# Project: Part of Speech Tagging with Hidden Markov Models 
---
### Introduction

Part of speech tagging is the process of determining the syntactic category of a word from the words in its surrounding context. It is often used to help disambiguate natural language phrases because it can be done quickly with high accuracy. Tagging can be used for many NLP tasks like determining correct pronunciation during speech synthesis (for example, _dis_-count as a noun vs dis-_count_ as a verb), for information retrieval, and for word sense disambiguation.

In this notebook, you'll use the [Pomegranate](http://pomegranate.readthedocs.io/) library to build a hidden Markov model for part of speech tagging using a "universal" tagset. Hidden Markov models have been able to achieve [>96% tag accuracy with larger tagsets on realistic text corpora](http://www.coli.uni-saarland.de/~thorsten/publications/Brants-ANLP00.pdf). Hidden Markov models have also been used for speech recognition and speech generation, machine translation, gene recognition for bioinformatics, and human gesture recognition for computer vision, and more. 

![](_post-hmm.png)

The notebook already contains some code to get you started. You only need to add some new functionality in the areas indicated to complete the project; you will not need to modify the included code beyond what is requested. Sections that begin with **'IMPLEMENTATION'** in the header indicate that you must provide code in the block that follows. Instructions will be provided for each section, and the specifics of the implementation are marked in the code block with a 'TODO' statement. Please be sure to read the instructions carefully!
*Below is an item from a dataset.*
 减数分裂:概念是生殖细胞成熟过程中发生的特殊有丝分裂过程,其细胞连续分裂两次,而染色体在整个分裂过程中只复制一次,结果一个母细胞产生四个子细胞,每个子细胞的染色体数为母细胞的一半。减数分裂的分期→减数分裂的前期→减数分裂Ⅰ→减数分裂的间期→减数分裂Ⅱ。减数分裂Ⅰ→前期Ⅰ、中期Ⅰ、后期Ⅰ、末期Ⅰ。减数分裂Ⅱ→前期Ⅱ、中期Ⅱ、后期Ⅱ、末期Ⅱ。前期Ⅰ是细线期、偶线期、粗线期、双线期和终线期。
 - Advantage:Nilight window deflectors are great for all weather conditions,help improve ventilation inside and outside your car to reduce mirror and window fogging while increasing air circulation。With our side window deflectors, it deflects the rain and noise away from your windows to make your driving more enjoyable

<div class="alert alert-block alert-info">
**Note:** Once you have completed all of the code implementations, you need to finalize your work by exporting the iPython Notebook as an HTML document. Before exporting the notebook to html, all of the code cells need to have been run so that reviewers can see the final implementation and output. You must then **export the notebook** by running the last cell in the notebook, or by using the menu above and navigating to **File -> Download as -> HTML (.html)** Your submissions should include both the `html` and `ipynb` files.
</div>

<div class="alert alert-block alert-info">
**Note:** Code and Markdown cells can be executed using the `Shift + Enter` keyboard shortcut. Markdown cells can be edited by double-clicking the cell to enter edit mode.
</div>

### The Road Ahead
You must complete Steps 1-3 below to pass the project. The section on Step 4 includes references & resources you can use to further explore HMM taggers.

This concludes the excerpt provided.